What is Big Data? - Part 2
Big data is messy because it is formulated from the real world, and reflects its messiness. However, data can be generated in many forms, some of it in a more structured way, than the others. Data is structured when it “has a predictable and regularly occurring format of data” (Inmon & Linstedt, 2015). It follows a particular schema, and it is typically managed by a database management system (DBMS). Structured data is normally built on a deliberate structure; it is well- defined and predictable. It is stored in relational databases in records, attributes, and indexes. Therefore, it is easier to analyze, run different queries on them, even if they contain millions of individual items (Inmon & Linstedt, 2015). Some examples are customer data (with fields with defined length and type for zip codes, country codes, email addresses, etc.), website visiting statistics and most of the systems that we use today that follow the method of storing individual elements in individual records in a relational database. Structured data is not necessary generated by people, in many cases, it is a result of machine logs, sensor data (which will be described in the following pages).
On the other hand, unstructured data is more natural, typically text-heavy data. It is “unpredictable and has no structure that is recognizable to a computer” (Inmon & Linstedt, 2015). It does not follow a pre-defined data structure or hierarchy that results in slower querying and data analysis.
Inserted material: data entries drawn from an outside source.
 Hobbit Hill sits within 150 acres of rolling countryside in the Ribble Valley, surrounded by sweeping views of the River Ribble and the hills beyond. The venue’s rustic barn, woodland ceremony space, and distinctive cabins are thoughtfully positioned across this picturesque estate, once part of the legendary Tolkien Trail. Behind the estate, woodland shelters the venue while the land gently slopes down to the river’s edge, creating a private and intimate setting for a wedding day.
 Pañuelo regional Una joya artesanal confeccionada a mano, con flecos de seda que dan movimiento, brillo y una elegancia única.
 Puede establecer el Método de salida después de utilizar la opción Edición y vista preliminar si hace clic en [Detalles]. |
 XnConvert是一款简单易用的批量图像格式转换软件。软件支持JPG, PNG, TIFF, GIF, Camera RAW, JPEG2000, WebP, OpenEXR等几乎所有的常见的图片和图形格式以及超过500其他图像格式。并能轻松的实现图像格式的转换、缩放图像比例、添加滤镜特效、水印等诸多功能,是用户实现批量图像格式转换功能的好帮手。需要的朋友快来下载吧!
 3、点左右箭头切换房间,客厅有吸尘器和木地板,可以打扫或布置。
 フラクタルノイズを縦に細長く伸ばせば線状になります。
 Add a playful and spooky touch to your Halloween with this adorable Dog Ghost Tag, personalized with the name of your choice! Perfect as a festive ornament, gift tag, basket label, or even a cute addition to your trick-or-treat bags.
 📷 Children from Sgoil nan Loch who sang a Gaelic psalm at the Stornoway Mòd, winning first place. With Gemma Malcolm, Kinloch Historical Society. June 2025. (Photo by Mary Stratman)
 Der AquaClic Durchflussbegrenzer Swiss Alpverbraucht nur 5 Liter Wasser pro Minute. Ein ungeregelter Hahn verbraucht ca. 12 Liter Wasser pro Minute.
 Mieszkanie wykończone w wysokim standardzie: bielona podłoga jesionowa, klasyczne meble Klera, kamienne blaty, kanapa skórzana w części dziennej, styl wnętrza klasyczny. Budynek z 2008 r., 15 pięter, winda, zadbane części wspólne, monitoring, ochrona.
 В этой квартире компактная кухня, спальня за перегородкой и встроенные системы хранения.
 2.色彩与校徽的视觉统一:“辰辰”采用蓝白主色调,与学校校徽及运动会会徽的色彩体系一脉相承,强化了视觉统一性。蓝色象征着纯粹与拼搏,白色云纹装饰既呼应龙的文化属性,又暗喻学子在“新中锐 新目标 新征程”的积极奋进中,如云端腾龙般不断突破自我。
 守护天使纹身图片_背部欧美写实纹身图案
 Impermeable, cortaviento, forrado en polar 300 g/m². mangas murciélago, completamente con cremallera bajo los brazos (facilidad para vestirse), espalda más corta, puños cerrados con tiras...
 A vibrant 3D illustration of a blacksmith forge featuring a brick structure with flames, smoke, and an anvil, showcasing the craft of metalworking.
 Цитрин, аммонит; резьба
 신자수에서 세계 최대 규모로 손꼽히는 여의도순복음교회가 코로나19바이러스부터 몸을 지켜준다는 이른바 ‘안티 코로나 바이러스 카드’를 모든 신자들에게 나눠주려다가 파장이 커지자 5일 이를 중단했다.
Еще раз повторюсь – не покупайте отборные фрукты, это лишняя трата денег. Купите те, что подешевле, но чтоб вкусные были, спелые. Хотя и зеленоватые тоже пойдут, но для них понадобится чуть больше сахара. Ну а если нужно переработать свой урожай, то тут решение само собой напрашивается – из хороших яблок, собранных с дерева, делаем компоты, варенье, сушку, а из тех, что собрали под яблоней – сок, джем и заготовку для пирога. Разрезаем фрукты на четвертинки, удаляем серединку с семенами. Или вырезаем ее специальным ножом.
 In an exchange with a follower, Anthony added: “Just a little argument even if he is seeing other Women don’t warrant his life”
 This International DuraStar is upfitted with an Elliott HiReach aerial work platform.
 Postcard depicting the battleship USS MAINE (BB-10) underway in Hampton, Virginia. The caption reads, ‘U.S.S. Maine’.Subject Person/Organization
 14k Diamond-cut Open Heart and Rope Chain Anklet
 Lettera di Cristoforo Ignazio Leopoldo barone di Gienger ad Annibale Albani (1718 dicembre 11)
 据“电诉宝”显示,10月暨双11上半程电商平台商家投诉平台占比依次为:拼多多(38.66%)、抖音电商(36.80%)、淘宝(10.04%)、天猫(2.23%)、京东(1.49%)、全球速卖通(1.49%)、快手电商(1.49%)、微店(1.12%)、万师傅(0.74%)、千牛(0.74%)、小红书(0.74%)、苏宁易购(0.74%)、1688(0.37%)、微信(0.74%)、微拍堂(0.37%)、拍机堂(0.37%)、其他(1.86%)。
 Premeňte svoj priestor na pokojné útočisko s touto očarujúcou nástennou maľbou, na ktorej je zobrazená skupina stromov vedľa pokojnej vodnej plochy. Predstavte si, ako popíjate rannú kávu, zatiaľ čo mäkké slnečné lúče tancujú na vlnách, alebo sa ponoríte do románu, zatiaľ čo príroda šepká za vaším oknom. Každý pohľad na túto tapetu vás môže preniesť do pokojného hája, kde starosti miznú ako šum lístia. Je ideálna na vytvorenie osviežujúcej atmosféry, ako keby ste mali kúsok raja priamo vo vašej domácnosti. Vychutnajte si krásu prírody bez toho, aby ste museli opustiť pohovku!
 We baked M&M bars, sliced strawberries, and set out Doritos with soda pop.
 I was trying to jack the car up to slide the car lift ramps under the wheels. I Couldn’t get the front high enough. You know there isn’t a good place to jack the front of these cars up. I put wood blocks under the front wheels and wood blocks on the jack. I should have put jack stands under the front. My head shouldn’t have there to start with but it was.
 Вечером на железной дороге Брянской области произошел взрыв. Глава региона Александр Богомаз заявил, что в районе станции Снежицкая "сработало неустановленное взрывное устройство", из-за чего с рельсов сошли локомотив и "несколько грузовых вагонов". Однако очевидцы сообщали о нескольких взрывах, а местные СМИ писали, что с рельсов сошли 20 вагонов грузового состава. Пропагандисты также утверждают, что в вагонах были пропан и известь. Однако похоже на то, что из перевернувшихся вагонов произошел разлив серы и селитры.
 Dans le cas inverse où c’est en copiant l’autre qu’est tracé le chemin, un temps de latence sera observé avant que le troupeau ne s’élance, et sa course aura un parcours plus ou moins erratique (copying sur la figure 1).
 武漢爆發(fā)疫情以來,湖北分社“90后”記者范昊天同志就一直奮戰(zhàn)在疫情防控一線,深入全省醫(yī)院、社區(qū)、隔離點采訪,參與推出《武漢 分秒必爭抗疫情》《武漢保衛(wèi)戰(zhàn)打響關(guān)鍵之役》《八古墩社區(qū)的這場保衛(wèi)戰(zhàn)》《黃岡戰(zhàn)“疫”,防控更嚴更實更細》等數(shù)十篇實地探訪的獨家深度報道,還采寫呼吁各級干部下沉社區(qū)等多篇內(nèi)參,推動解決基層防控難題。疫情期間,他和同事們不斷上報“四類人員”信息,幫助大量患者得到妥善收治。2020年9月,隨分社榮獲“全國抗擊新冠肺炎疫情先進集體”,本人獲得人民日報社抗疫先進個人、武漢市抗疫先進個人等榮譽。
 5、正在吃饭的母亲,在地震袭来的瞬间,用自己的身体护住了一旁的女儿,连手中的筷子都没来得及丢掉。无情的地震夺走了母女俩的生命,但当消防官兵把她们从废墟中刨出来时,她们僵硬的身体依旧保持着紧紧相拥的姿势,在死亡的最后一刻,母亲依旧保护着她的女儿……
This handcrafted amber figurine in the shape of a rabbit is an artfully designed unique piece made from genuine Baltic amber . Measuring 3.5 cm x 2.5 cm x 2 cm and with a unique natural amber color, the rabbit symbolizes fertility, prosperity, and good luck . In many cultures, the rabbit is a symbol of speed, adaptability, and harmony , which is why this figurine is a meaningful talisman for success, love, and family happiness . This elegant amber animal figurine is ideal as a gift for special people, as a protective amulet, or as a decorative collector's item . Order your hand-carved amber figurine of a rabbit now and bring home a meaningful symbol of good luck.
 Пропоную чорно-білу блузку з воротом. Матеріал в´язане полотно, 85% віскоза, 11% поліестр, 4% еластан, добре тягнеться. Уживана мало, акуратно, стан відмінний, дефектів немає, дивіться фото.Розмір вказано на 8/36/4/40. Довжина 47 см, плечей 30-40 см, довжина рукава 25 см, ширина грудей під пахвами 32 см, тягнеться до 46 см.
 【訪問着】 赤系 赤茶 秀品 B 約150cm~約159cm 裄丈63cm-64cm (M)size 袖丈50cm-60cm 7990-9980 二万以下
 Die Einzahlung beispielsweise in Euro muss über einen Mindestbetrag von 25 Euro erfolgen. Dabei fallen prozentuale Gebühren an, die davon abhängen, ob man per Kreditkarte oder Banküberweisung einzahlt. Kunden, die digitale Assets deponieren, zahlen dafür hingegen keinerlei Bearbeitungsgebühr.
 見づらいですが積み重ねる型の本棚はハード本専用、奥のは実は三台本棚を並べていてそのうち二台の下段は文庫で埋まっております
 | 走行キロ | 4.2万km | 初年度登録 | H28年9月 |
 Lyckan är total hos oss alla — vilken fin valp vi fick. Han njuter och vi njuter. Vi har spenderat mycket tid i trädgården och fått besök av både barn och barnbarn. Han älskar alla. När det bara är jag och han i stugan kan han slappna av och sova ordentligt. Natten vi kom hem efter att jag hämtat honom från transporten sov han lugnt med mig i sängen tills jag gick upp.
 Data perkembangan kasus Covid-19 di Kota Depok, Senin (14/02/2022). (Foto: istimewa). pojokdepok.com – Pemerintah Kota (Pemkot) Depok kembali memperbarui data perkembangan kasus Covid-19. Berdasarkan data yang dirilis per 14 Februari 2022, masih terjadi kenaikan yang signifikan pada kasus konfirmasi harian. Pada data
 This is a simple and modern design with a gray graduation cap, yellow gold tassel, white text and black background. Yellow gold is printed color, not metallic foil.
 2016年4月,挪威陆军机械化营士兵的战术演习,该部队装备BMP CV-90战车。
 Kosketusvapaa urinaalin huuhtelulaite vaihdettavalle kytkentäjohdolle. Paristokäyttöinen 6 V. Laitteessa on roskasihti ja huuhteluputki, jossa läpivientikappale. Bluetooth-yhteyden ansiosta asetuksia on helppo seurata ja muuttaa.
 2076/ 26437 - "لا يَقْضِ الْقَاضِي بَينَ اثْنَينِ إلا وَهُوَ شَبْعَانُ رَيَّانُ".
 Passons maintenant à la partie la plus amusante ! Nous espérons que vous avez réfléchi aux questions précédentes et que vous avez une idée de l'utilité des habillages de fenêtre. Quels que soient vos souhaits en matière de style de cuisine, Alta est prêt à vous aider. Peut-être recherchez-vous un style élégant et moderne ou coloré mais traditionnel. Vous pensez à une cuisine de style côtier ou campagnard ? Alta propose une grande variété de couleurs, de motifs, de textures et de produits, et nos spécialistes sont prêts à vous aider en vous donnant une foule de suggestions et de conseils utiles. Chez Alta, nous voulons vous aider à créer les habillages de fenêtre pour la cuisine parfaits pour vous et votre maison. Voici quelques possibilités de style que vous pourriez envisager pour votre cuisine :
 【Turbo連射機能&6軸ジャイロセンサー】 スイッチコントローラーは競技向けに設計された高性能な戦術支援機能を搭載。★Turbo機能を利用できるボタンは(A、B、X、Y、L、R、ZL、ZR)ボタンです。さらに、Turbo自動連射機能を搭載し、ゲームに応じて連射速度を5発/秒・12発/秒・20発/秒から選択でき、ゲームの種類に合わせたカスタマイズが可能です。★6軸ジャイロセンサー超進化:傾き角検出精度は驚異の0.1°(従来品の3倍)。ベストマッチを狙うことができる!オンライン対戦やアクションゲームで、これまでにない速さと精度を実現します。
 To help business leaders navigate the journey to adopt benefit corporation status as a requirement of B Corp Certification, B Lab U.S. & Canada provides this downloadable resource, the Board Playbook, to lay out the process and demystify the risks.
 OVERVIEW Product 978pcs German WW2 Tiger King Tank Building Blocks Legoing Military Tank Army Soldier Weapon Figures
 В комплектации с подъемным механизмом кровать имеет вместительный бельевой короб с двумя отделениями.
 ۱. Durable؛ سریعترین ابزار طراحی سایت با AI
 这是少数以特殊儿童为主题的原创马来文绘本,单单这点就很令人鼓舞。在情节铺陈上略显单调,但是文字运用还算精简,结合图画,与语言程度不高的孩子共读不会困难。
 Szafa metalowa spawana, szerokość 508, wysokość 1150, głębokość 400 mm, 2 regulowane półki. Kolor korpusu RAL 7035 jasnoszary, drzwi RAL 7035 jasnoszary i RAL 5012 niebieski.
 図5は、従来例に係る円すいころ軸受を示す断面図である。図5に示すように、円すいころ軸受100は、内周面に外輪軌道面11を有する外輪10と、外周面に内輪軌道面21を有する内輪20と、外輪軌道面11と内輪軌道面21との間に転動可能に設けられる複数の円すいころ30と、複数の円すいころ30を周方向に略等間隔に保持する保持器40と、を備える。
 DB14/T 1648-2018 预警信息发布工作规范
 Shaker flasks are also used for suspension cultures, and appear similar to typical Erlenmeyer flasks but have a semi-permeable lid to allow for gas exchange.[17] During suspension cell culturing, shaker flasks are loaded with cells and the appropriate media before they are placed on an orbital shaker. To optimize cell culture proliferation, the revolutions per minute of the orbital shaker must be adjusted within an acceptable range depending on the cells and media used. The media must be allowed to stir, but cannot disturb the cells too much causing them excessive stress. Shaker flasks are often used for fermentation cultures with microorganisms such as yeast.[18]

Examples of unstructured data are books, electronic documents, recently social data, or the internet itself with its millions of web pages. However, pictures, audio, and video files represent data that is hard to process and organize, and they also belong to this category. Specialized tools are required to analyze these types of sources, such as natural language processing with artificial intelligence, or special databases, like NoSQL.
Semi-structured data is data that is not organized into structured databases in itself, but it contains some related information that can be processed by computers. These can be the metadata of pictures and documents, or using tags to categorize them (Inmon & Linstedt, 2015).
While big data is usually identified as processing massive unstructured data sources, such as social networks, websites, documents, it does not have to be restricted to human generated information. A significant amount of data is generated by systems and machines. They create structured records, usually in the form of logs or measurements. If the data is collected, it can grow to enormous sizes, and similar techniques can be applied to it as on other big data sets. There is no exact definition for machine data (or machine-generated data), but most authors refer to it simply as data generated by machines during their operations. This kind of data is much less messy, as it does not follow the real world’s disorder, but a pre-defined structure. Machine data is generated in every industry from healthcare equipment through handheld devices to industrial machines, and they can be used to find patterns and clusters or to predict trends and unveil previously hidden connections. It has several business use cases, such as debugging, performance analysis, root-cause analysis, predictions, fraud detection, etc. (Surange & Bansal, 2013).